Man hands are cutting red ribbon with scissors.

'Hardwick Bridge Trail' ribbon-cutting scheduled for June 17

June 10, 2022

A ribbon-cutting event for the new Riverview Safe Routes to School “Hardwick Bridge Trail” is scheduled for June 17 at 10 a.m. at the Hardwick Bridge. This trail provides a dedicated paved trail connecting the Ironbridge and Westbank communities to the Rio Grande Trail and Riverview School. Construction for this project started in June 2021 and concluded in May 2022.

“We are excited to have a safe route to the Riverview School,” said Chief Operating Officer Jeff Gatlin, who has managed this project for the district. “Students will now be able to safely walk or bike to school while separated from vehicle traffic.”

In 2018, the Roaring Fork School District partnered with Garfield County and RFTA to begin planning for a pedestrian and bike path to connect the Westbank and Ironbridge communities to the newly constructed Riverview Pre-K-8 school. After considering different options, an ideal route was identified, and a plan was submitted for a CDOT-funded Safe Route to School grant project.

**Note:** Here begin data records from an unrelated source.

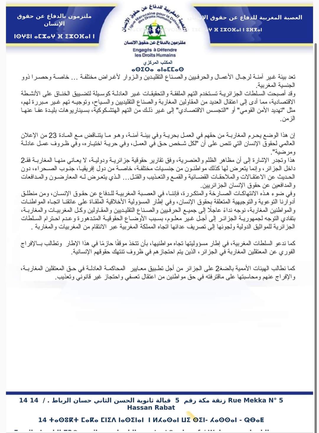 و أفاد البيان إلى أن هذا الوضع “يَحرِم المغاربة من حقهم في العمل بحرية و في بيئة آمنة، و هو ما يتناقض مع المادة 23 من الإعلان العالمي لحقوق الإنسان التي تنص على أن “لكل شخص حق في العمل، و في حرية اختياره، و في ظروف عمل عادلة و مرضية”. مشيرا في الوقت ذاته إلى أن مظاهر الظلم و العنصرية، وفق تقارير حقوقية جزائرية و دولية، لا يعاني منها المغاربة فقط داخل الجزائر، و إنما يتعرض لها كذلك مواطنون من جنسيات مختلفة، خاصة من دول إفريقيا، جنوب الصحراء، دون الحديث عن الاعتقالات والملاحقات القضائية والقمع والتعذيب والقتل… الذي يتعرض له المعارضون والمدافعات والمدافعين عن حقوق الإنسان الجزائريين.
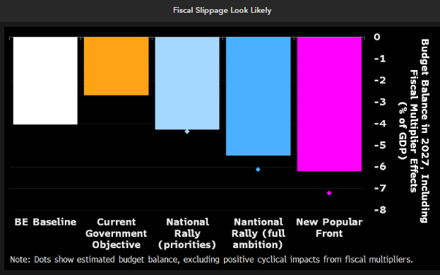 Lider Francji Nieujarzmionej, Jean Luc Melenchon, powiedział, że wdroży swój "cały program" i odmówił jakichkolwiek negocjacji z centrowym rządem prezydenta Macrona. Główne priorytety polityczne Melenchona obejmują wycofanie reform emerytalnych Macrona, zamrożenie cen niektórych podstawowych artykułów konsumpcyjnych i podniesienie płacy minimalnej. Są to polityki, które mogą wywołać dreszcze u inwestorów.
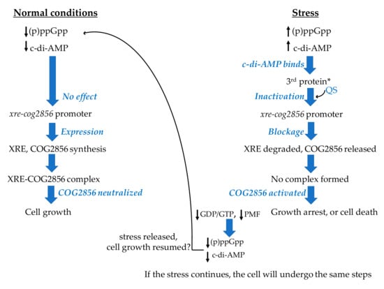 Regulation of the TA modules is connected to cellular signaling pathways []. Cell signaling molecules, such as the (p)ppGpp (guanosine tetra or pentaphosphate, known as the alarmones [], play a vital role in the regulation of the transcription and translation of TA modules, and thus bacterial physiology []. The (p)ppGpp is a global regulatory signal in bacteria, induced by nutrient-starvation and, in turn, activates the toxin by activating proteases that degrade the antitoxin [,] (the (p)ppGpp role is discussed further in Section 2.8.1). The opposite seems to also be possible for some toxins depending on their mechanism of action, as Álamo et al. have shown that in Bacillus subtilis, the type II toxin ξ, an ATPase, hydrolyzed the ATP, converted the GTP to (p)ppGpp, and raised the levels of the second messenger, the cyclic-di-adenosine monophosphate (c-di-AMP) []. Quorum-sensing signal molecules may also be involved in activating the type II toxins, as discussed further below.

The Safe Route to School grant was awarded, and the project also received grant funding through a Garfield County Federal Mineral Lease District grant, a Transportation Alternative Program grant, and a Revitalizing Main Street grant. The total of all grant funding for this project was approximately $1.6 million. The Garfield County Commissioners contributed $1.3 million in direct funding and in-kind expertise and services from the Garfield County Road and Bridge Department. The department made driveway crossing improvements and built the 1,500-foot section of the trail in the RFTA right-of-way connecting County Road 154 to the existing Rio Grande Trail.

“This complex project took a tremendous amount of teamwork and collaboration. We couldn’t be more thankful to Garfield County and RFTA for their partnership on this important project,” Gatlin said.

The ribbon-cutting will conclude four years of collaboration between the Roaring Fork School District, Garfield County, RFTA, and CDOT on this complex project.

Garfield County’s project lead, Deputy County Manager Fred Jarman, said, “Rehabilitating the historic iron Hardwick Bridge, which is owned by the county, and placing it back into public service became an important centerpiece of this trail project.”

It’s believed that the Hardwick Bridge was originally built in 1890 when county commissioners relocated the Cooper Avenue Bridge south to create a passage across the river in the area. It was then placed on Hardwick Family Ranch, from which the bridge derives its name, and was rebuilt in 1923.

“The county is proud to be a partner with the School District, RFTA, and the Ironbridge and West Bank neighborhoods in such an important project that provides a safe route for kids to get to school as well as an important regional trail connection to the Rio Grande Trail for the public,” Jarman said.